You can either use chimichurri as the ultimate marinade for meats (and hey, even fish and poultry). Or (and) you can also serve it up as a killer sauce for your grilled meats. Double win here.
Oh and don’t tell the Argentinians, but you can switch up the spices to accommodate your meat. Cooking fish? Think parsley and mint. You can even add fresh cilantro, which is definitely not Argentinian- so shhhhhh! You catch the drift.
Argentinian chimichurri is traditionally made with all fresh spices. Think parsley, oregano and thyme. And it really does make a difference.
However, if you don’t have fresh oregano and thyme handy- don’t sweat it. Substitute for dry spices.
In terms of the olive oil, you will want to use a good one. You don’t have to majorly splurge, but think salad-dressing-good.
And let it reeest
Keep your chimichurri simple, and make sure you let it reeeeest. You need to allow the flavors to meld into perfection for real Argentinian chimichurri. So let it rest for at least an hour before using, or refrigerate in an airtight container for up to three days.

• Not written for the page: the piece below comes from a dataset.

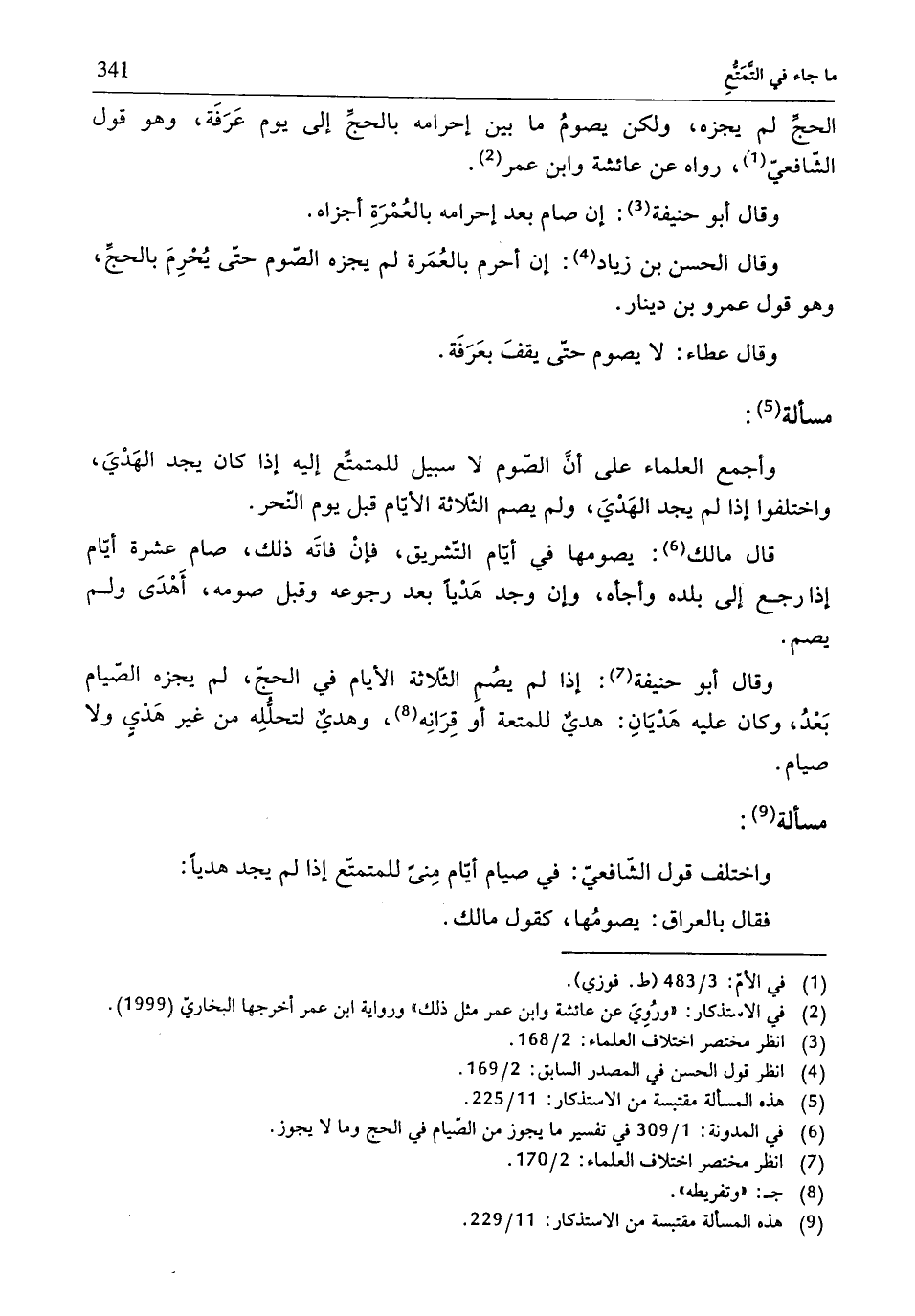 (¬9) هذه المسألة مقتبسة من الاستذكار: 11/ 229.

Traditional Argentinian Chimichurri
- 20 g flat-leaf parsley very finely minced
- 1 tablespoon fresh oregano very finely minced
- 1 teaspoon fresh thyme leaves only
- 1/4 teaspoon ground cumin
- 1/3 cup extra virgin olive oil
- 2 tablespoons red wine vinegar
- 2 cloves garlic ran through a press
- 1/2 chili seeded and very finely minced
- zest of half a lemon
- juice of half a lemon
- pinch cane sugar
- kosher salt to taste
- freshly ground pepper to taste
- In a small bowl, thoroughly mix together all the ingredients. Cover and let rest at room temperature for at least an hour, to allow the flavors to meld.
- Refrigerate in an airtight container for up to three days.